Кате стало весело, и смех неудержимо забился в груди: да неужели это, правда, смерть? И неужели бывает так смешно умирать? Она хохотала, острила, рассказывала смешные вещи. И что-то легкое было во всем теле, поднимавшее от земли, и с смеющимся интересом она ждала: десяток сильных мужчин окружит ее; поведут куда-то, наставят ружья на нее. И им не будет стыдно…
Но оказалось, выпустили на волю. Дома Катя узнала, что за нее сильно хлопотал профессор Дмитревский. Особенный эффект на них произвело, что она – двоюродная сестра Седого. Сообщили ей также, что приходил жилищный контролер и взял ее комнату на учет.
Домовым комитетам было объявлено: кто первого мая не украсит своего дома красными флагами, будет предан суду ревтрибунала. Гражданам предписывалось, под страхом строжайшей революционной ответственности, представить в ревком всю имеющуюся красную материю. Бухгалтер отдела с скрытою улыбкою сообщил Кате, что на табачной фабрике вывешено объявление завкома о поголовном участии в манифестации. Кто не пойдет, будет объявлен врагом пролетариата.
В отделе был получен церемониал манифестации. Дмитревский суетился и напоминал сотрудникам, чтоб ровно к десяти часам все собрались в отдел, а оттуда все вместе двинутся к сборному пункту у фонтана Орам-Тимура (теперь – фонтан Карла Либкнехта). Он рассматривал с художниками знамена и плакаты.
Катя спросила:
– Нужно обязательно участвовать на демонстрации?
– Обязательно!
– А я не пойду. Противно. По принуждению.
Дмитревский растерянно взглянул на нее.
– Конечно, насильно вас никто не станет заставлять. Но желательно, чтоб отдел был представлен полностью.
Белозеров кипуче работал. В театре готовились к постановке "Ткачи", оркестры разучивали революционные марши, инструкторы по пению обучали по фабрикам хоры рабочих.
Катя пошла часам к одиннадцати посмотреть. На панелях в ожидании густо стояли зрители. Катя была уверена, что народу на демонстрации будет позорно мало, и в душе ей хотелось этого.

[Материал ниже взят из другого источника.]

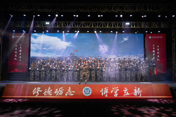 比赛现场,各参赛连队迈着整齐步伐依次登场,新生们身着笔挺的军训服,目光坚定,精神饱满,展现出新时代大学生昂扬向上的精神风貌。来自五个二级学院的十二支代表队为全场观众带来了二十四首曲目,《歌唱祖国》、《祖国不会忘记》等歌曲将“家国情怀”融入歌声,引领青年在歌声中坚定理想信念,抒发对祖国的无限深情与崇高敬意;《团结就是力量》、《学习雷锋好榜样》节奏铿锵、精神昂扬,号召青年们在集体中凝聚力量,在奉献中砥砺前行;《保卫黄河》、《强军战歌》唱出了同学们的豪迈气势与强军报国的坚定决心,展现了新时代青年的血性担当;《中国军魂》、《冲锋号》气势如虹,听党指挥、能打胜仗,让全场观众感受到同学们的坚定信念和不变决心;《血染的风采》、《女兵谣》饱含深情,以悠扬的歌声将革命岁月与家国故事娓娓道来,传递出对历史的铭记与对先烈的缅怀;《没有共产党就没有新中国》、《复兴的力量》 表达出了新时代青年怀揣梦想、坚定信念、紧跟党走、追逐未来的精神风貌;《灯火里的中国》、《天耀中华》唱出了身处新时代的新青年对祖国的美好祝愿,以及不断谱写崭新诗篇的使命与担当。

Был чудесный солнечный день, за деревьями сквера сверкало море. Вдали могуче загремел оркестр. Интернационал. Промчался на автомобиле Белозеров с огромным красным бантом на груди.

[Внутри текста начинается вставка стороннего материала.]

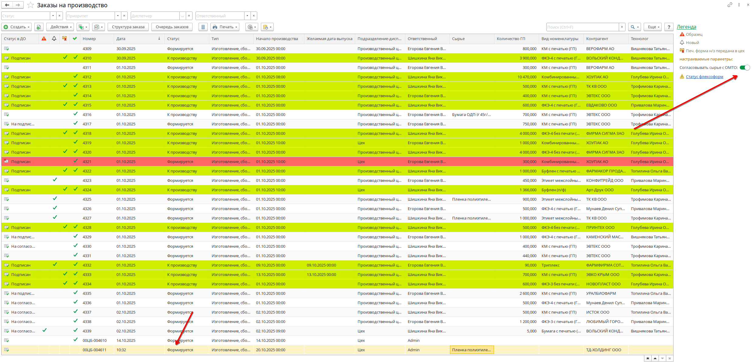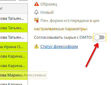Как только сырье прибыло на склад, ОМТО отключает признак в списке заказов на производство.

Музыка приближалась. Заалели под солнцем развевающиеся знамена, плескались красные флаги на домах.
Старый учитель гимназии, – Катя его однажды видела у Миримановых, – вполголоса говорил соседу:
– Людям одеться не во что, а тысячи аршин материи тратят на флаги и знамена!
За музыкой слышен был хор человеческих голосов. Медленно колыхаясь, надвигались темные массы людей, над ними качались плакаты и знамена.
Маленький мальчик с одушевлением говорил:
– Мама! Мама! Гляди! Вон – они идут! С флагими.
– Значит, крестный ход ихний.
– Осади назад!
Милиционеры грубо оттесняли зрителей винтовками на тротуары. Катя вспомнила прежние первомайские демонстрации и жертвенный огонь мученичества в глазах участников. Никто тогда не расчищал перед ними дороги, и Белозеров бы тогда не обучал рабочих хоров.
Шли мимо ряды красноармейцев с винтовками на плечах, с красными перевязями на руках. Катя увидела в рядах знакомых немцев в касках. Могучие мужские голоса пели, сливаясь с оркестром:
Весь мир насилья мы разроем
До основанья, а затем
Мы наш, мы новый мир построим!
Кто был ничем, тот будет всем.
И шли ряды. Рабочие в пиджаках, работницы в светлых платьях, советские служащие, кокетливые барышни на высоких каблучках, с колеблющеюся походкою. Проплывали плакаты на длинных палках:
Да здравствует международная социальная революция!
Да здравствует книга в руках пролетариата!
– В первый раз слышу, чтоб кто-нибудь желал здоровья книге!
Да здравствует братство трудящихся! Нет ни русских, ни евреев, ни татар, ни немцев! Есть братья-рабочие и враги-капиталисты!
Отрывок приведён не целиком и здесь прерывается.